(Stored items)
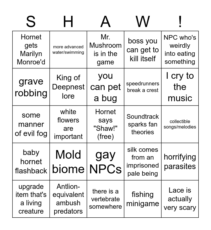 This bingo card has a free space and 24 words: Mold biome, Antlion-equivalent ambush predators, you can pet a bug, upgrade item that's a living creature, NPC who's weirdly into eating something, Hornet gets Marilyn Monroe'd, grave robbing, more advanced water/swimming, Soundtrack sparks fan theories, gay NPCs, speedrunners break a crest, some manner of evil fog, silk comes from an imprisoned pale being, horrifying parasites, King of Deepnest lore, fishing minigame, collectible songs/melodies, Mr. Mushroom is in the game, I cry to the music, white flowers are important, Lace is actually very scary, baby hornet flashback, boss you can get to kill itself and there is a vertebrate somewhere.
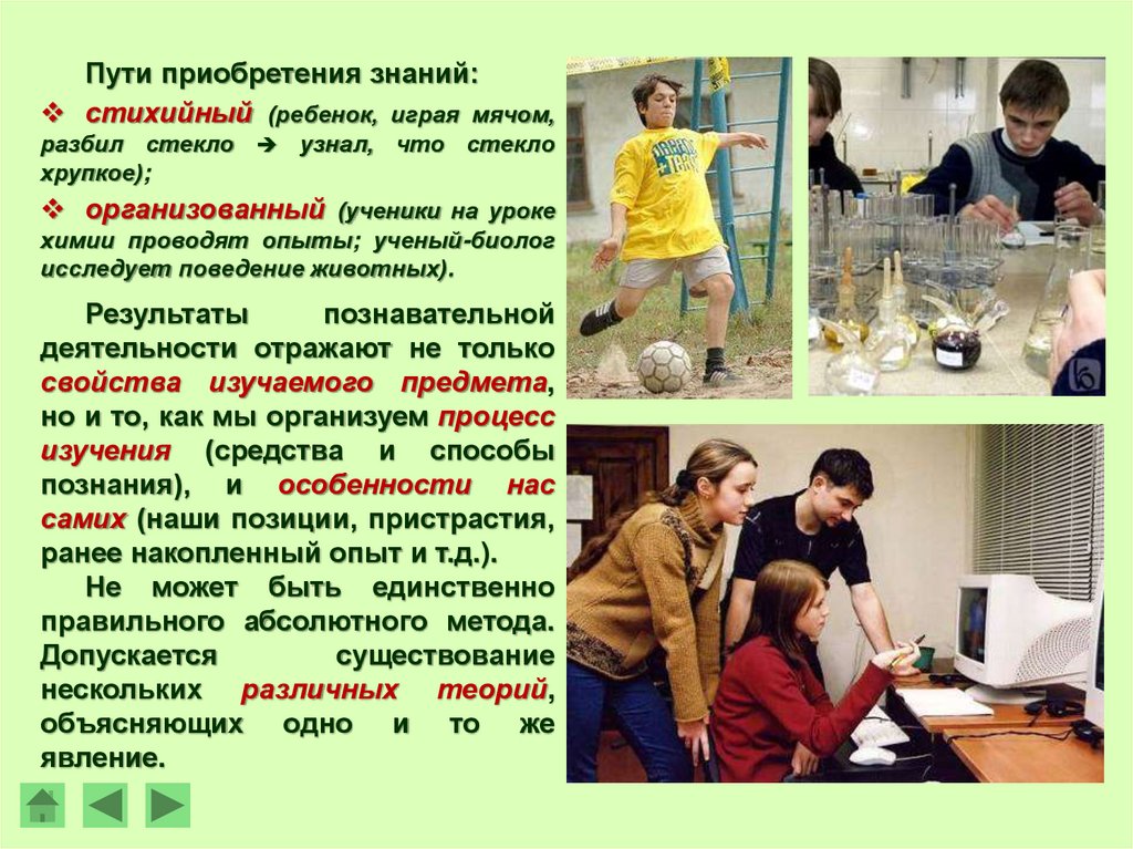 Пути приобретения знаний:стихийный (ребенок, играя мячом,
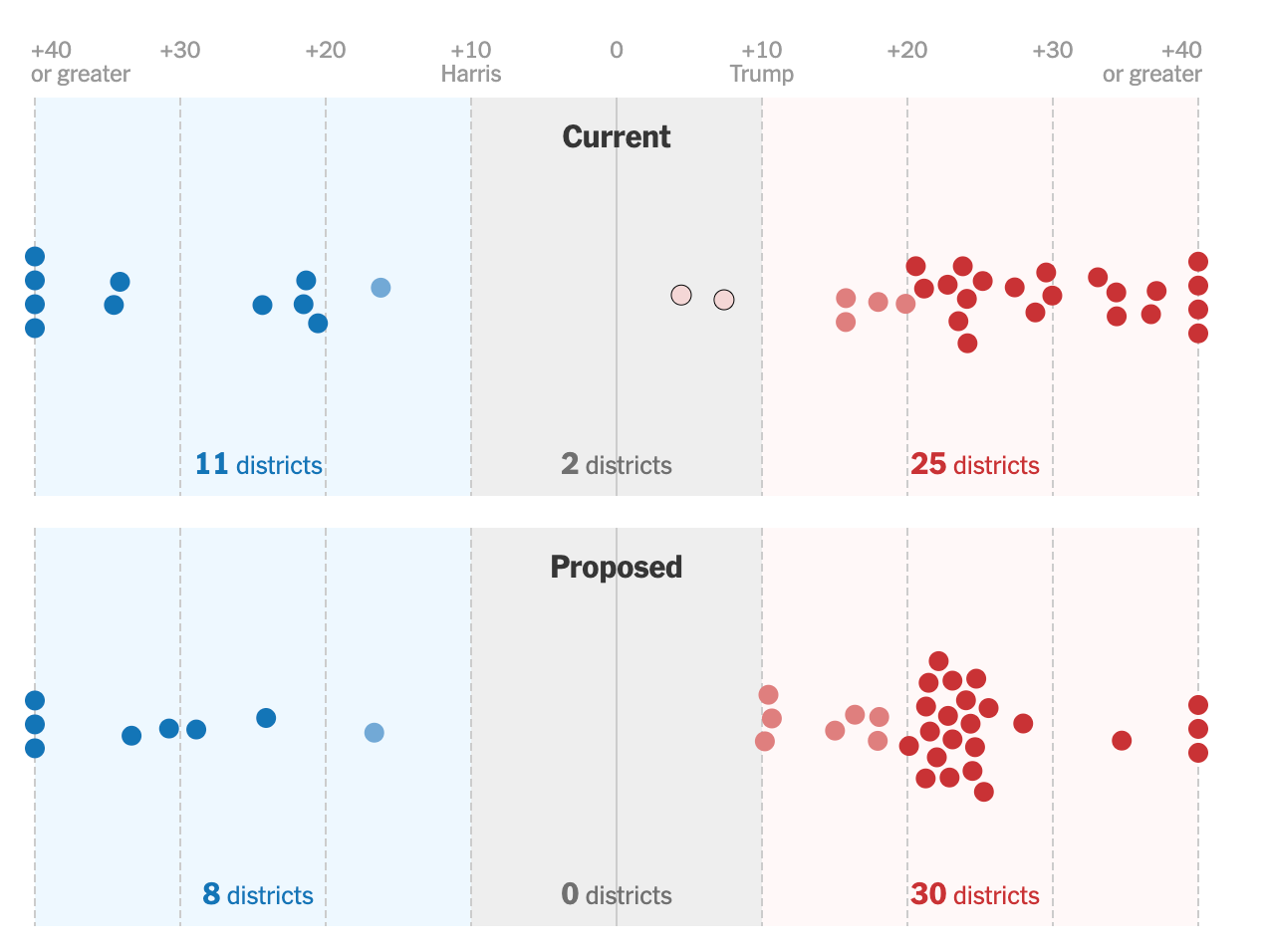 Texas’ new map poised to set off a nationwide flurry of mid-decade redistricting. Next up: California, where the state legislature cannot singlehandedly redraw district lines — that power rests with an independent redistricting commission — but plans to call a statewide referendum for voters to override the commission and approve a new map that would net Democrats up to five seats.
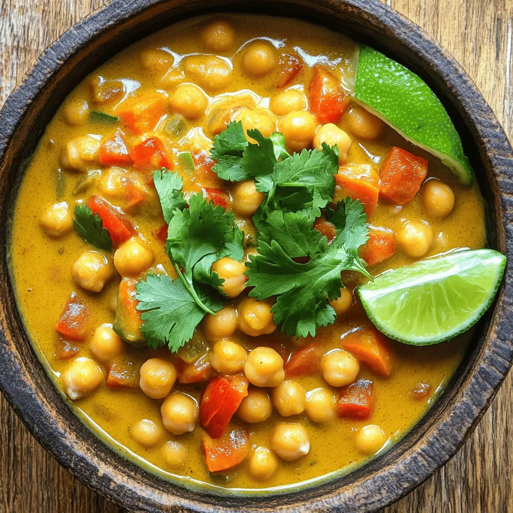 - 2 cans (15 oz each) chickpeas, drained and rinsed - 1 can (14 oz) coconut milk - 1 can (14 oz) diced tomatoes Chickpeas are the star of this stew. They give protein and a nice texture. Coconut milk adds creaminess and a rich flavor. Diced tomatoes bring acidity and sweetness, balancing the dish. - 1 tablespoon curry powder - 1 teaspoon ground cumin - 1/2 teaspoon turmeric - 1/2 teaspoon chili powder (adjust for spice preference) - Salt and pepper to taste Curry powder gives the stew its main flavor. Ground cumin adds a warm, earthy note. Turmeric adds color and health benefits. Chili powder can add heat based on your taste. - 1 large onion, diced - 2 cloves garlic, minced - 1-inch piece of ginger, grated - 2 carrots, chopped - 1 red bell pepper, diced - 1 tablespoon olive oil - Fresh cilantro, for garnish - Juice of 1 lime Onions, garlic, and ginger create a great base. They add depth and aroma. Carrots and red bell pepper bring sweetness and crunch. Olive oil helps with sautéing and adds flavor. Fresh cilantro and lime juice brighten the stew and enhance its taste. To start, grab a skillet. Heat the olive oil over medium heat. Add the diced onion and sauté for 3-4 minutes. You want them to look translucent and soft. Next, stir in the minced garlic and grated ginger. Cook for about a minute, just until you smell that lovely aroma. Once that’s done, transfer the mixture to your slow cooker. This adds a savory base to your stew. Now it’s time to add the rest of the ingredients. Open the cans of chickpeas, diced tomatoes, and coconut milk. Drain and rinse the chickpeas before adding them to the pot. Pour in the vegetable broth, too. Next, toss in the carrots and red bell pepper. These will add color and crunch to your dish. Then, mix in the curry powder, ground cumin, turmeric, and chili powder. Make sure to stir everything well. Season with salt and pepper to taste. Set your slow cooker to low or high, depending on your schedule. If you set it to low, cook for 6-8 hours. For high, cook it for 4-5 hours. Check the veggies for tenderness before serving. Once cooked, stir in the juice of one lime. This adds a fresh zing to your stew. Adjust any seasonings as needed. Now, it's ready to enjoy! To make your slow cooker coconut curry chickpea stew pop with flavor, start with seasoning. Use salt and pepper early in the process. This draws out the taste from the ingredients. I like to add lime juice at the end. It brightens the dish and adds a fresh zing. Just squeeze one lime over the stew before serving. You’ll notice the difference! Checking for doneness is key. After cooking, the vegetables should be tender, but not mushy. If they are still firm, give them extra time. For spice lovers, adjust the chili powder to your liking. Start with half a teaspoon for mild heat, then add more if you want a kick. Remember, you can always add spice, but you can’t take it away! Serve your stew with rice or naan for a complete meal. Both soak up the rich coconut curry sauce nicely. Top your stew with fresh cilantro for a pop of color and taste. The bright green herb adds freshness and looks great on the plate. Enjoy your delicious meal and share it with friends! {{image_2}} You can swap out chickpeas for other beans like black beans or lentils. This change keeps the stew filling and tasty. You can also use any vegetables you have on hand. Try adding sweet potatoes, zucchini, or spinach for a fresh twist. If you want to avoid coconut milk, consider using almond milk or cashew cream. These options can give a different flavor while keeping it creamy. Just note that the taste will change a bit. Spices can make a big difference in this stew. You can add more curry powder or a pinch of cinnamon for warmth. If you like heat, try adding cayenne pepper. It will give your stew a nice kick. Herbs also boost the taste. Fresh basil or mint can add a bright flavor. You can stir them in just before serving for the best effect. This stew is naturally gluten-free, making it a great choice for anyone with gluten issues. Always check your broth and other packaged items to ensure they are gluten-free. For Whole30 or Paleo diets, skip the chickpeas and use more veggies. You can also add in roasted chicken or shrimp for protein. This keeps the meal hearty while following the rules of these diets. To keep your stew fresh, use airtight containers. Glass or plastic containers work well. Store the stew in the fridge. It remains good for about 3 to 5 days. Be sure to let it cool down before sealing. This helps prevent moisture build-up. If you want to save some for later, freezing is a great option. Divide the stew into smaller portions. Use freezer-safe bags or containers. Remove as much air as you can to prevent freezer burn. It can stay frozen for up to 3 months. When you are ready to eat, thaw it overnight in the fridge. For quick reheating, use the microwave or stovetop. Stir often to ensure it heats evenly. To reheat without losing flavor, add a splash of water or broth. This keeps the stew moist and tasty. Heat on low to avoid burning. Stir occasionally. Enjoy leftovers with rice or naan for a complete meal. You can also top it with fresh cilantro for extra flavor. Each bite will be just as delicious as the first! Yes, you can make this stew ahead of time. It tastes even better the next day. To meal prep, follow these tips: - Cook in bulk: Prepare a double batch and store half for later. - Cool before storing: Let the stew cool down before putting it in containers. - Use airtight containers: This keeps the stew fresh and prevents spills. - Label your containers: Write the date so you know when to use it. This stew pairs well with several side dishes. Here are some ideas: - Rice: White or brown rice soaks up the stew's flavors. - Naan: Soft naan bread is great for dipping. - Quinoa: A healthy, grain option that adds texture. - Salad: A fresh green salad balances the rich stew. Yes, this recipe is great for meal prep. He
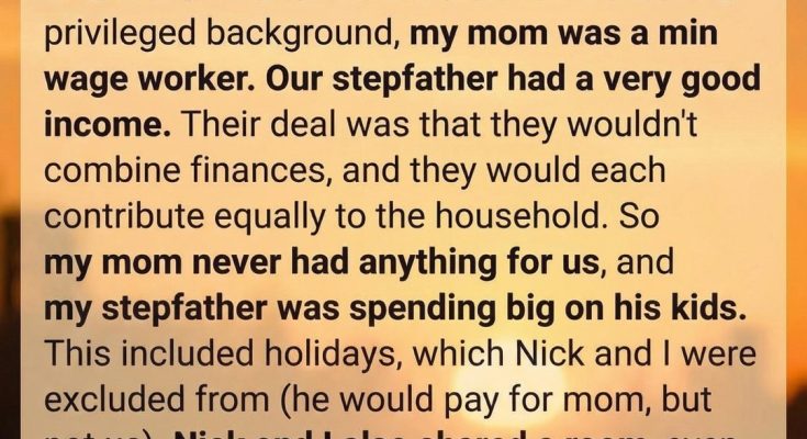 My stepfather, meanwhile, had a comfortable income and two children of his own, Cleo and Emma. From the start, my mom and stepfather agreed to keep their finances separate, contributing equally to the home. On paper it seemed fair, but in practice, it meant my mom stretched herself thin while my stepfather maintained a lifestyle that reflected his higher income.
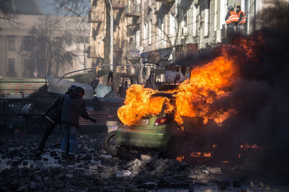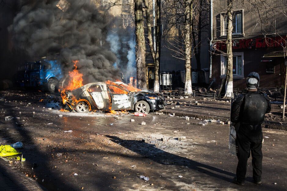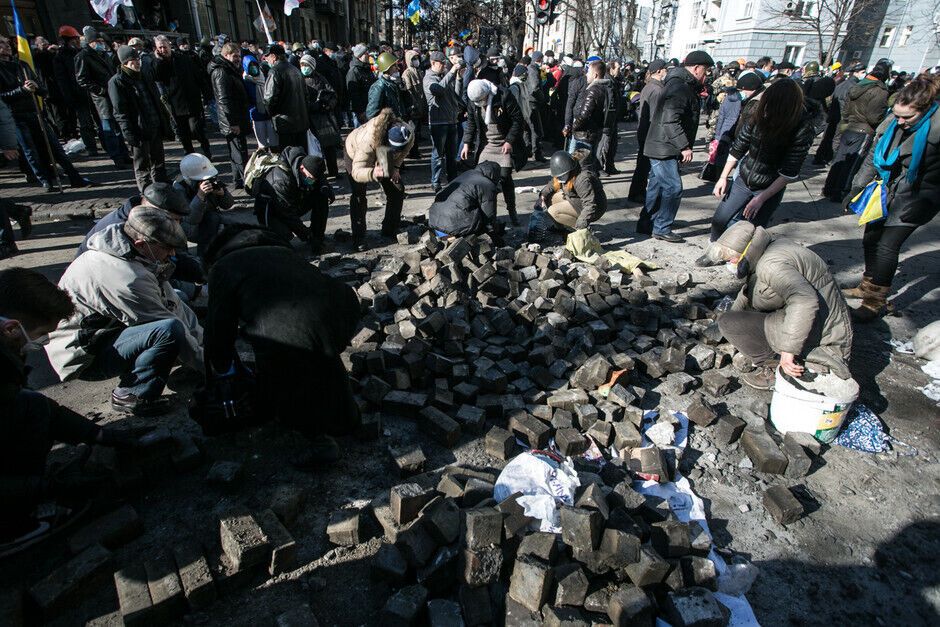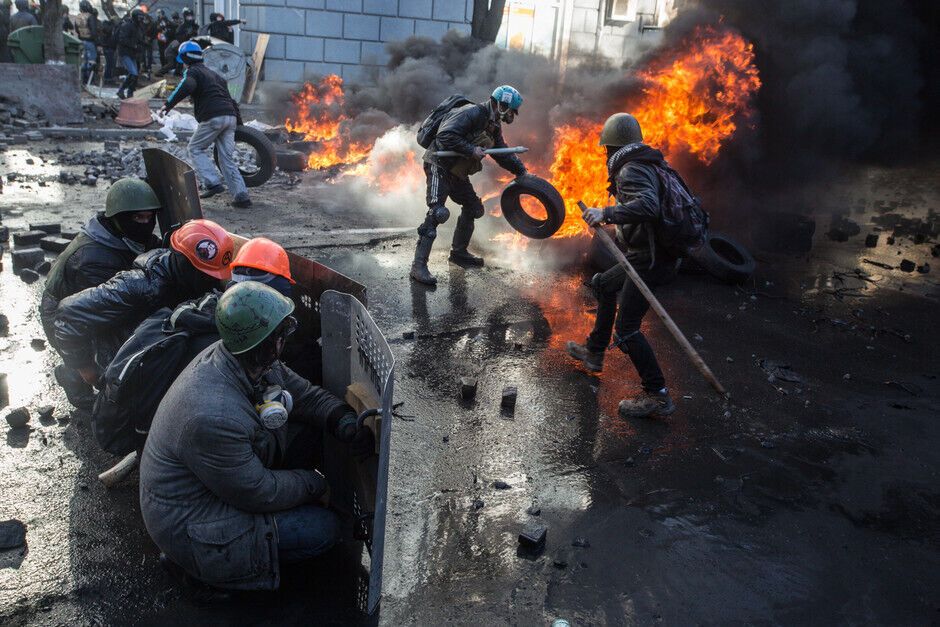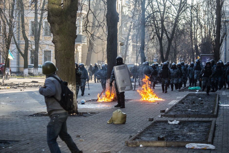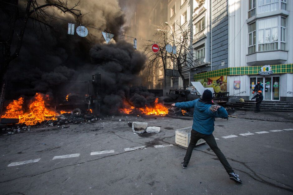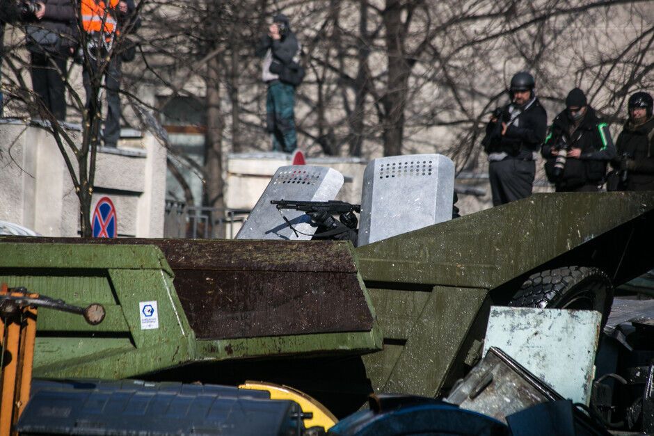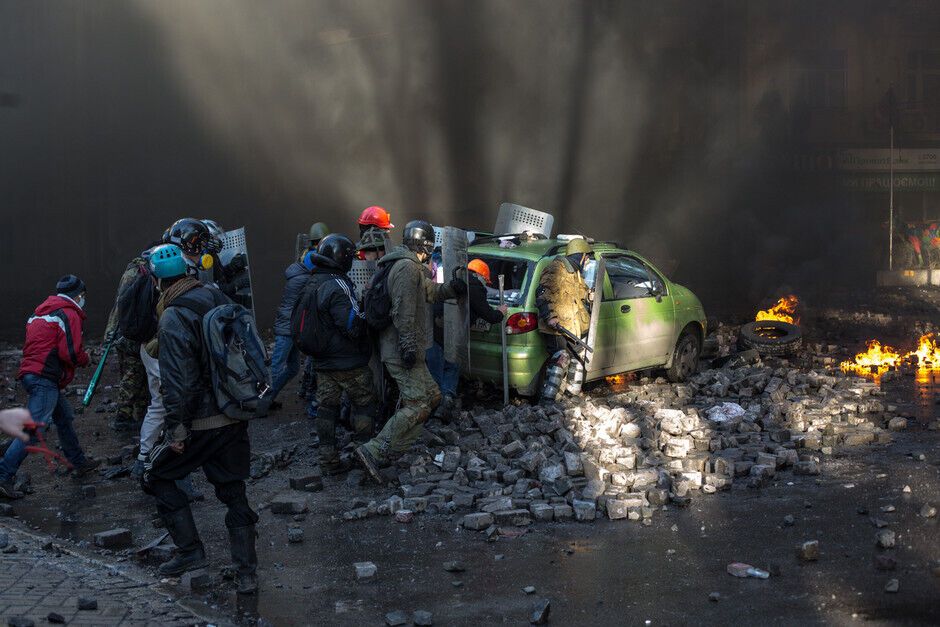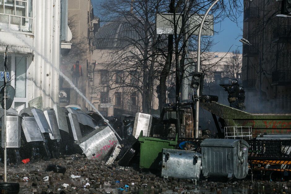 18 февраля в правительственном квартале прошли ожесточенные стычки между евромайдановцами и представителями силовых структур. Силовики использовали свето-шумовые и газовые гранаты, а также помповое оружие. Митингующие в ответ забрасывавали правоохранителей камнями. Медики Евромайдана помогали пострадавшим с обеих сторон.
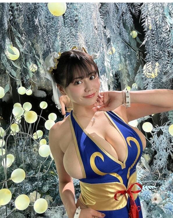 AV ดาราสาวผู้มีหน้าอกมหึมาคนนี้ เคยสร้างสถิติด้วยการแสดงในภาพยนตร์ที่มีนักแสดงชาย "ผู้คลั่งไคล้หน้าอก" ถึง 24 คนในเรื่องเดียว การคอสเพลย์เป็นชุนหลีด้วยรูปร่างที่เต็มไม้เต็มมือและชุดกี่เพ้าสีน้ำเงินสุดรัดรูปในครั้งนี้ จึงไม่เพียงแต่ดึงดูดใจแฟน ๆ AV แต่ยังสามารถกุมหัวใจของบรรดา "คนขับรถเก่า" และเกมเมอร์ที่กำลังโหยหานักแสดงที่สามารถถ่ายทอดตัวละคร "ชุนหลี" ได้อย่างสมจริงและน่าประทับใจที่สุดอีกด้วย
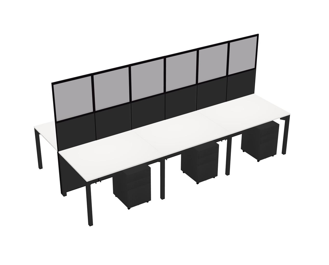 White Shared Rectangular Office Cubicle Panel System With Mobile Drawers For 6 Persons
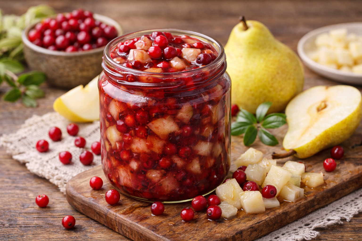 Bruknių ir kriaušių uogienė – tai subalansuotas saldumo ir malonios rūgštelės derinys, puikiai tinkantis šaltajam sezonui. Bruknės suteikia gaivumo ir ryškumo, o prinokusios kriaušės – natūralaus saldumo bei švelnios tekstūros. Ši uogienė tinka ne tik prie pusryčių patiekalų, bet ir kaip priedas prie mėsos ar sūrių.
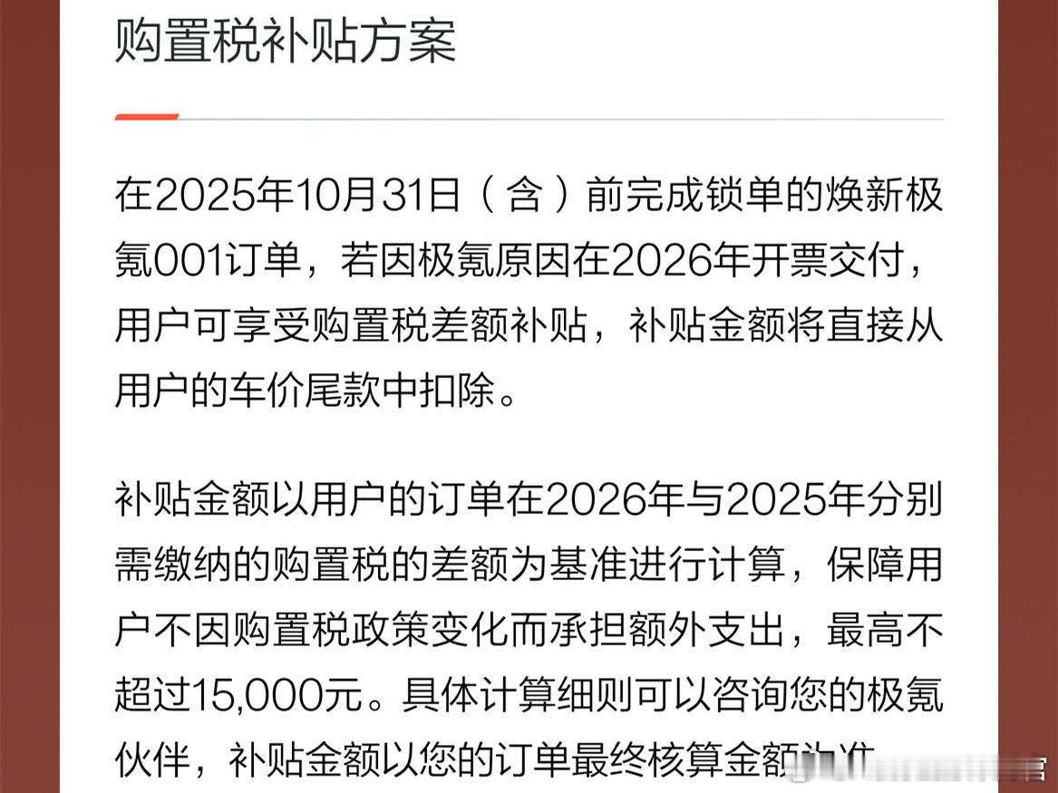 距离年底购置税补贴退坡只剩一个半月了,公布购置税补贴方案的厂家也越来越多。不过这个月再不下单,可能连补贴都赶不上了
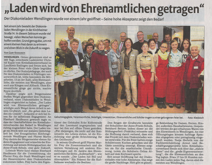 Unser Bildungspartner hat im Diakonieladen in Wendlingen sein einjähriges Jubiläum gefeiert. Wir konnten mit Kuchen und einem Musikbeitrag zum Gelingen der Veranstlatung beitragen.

**WHAT YOU NEED TO DO:**
The answer should consist only of the lines above from the one with "White Shared Rectangular" through the one with "距离年底购置税补贴退坡只剩一", repeated exactly, with no pictures among them.

**SOLUTION:**
 White Shared Rectangular Office Cubicle Panel System With Mobile Drawers For 6 Persons
 Bruknių ir kriaušių uogienė – tai subalansuotas saldumo ir malonios rūgštelės derinys, puikiai tinkantis šaltajam sezonui. Bruknės suteikia gaivumo ir ryškumo, o prinokusios kriaušės – natūralaus saldumo bei švelnios tekstūros. Ši uogienė tinka ne tik prie pusryčių patiekalų, bet ir kaip priedas prie mėsos ar sūrių.
 距离年底购置税补贴退坡只剩一个半月了,公布购置税补贴方案的厂家也越来越多。不过这个月再不下单,可能连补贴都赶不上了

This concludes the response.